Write out, from the entries below, exactly the lines that run between the lines holding "С Qmedia начали" and "[Latest plant growth", inclusive, and stop there.

• MATERIAL SHOWN:
══════════════════════════════

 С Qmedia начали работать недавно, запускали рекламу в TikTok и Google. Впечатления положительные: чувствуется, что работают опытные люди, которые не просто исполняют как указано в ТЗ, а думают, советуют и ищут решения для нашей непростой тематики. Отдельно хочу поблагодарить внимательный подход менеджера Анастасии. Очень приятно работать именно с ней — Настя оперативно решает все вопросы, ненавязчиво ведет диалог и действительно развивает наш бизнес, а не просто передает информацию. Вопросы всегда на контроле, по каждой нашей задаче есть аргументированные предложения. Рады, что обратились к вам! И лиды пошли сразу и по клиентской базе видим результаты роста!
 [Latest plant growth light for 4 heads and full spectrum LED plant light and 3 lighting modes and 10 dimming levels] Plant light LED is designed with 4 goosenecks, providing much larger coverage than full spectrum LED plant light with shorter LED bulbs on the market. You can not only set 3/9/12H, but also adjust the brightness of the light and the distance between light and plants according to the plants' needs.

══════════════════════════════

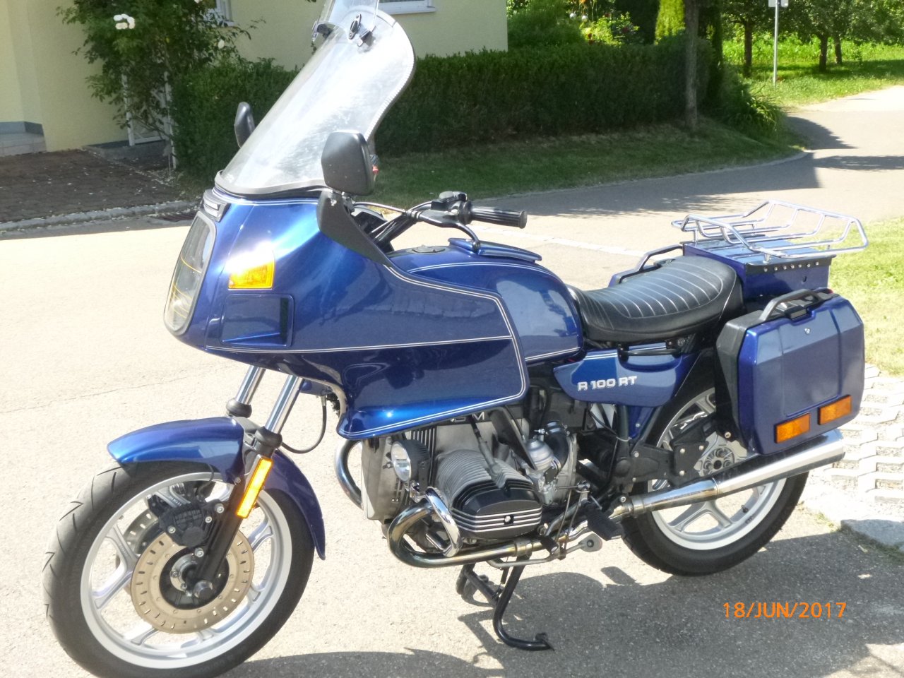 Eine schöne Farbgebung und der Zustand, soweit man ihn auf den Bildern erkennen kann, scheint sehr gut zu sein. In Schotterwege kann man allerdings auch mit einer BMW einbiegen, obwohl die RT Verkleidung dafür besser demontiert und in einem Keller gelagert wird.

══════════════════════════════

• SOLUTION TO THIS TASK:
 С Qmedia начали работать недавно, запускали рекламу в TikTok и Google. Впечатления положительные: чувствуется, что работают опытные люди, которые не просто исполняют как указано в ТЗ, а думают, советуют и ищут решения для нашей непростой тематики. Отдельно хочу поблагодарить внимательный подход менеджера Анастасии. Очень приятно работать именно с ней — Настя оперативно решает все вопросы, ненавязчиво ведет диалог и действительно развивает наш бизнес, а не просто передает информацию. Вопросы всегда на контроле, по каждой нашей задаче есть аргументированные предложения. Рады, что обратились к вам! И лиды пошли сразу и по клиентской базе видим результаты роста!
 [Latest plant growth light for 4 heads and full spectrum LED plant light and 3 lighting modes and 10 dimming levels] Plant light LED is designed with 4 goosenecks, providing much larger coverage than full spectrum LED plant light with shorter LED bulbs on the market. You can not only set 3/9/12H, but also adjust the brightness of the light and the distance between light and plants according to the plants' needs.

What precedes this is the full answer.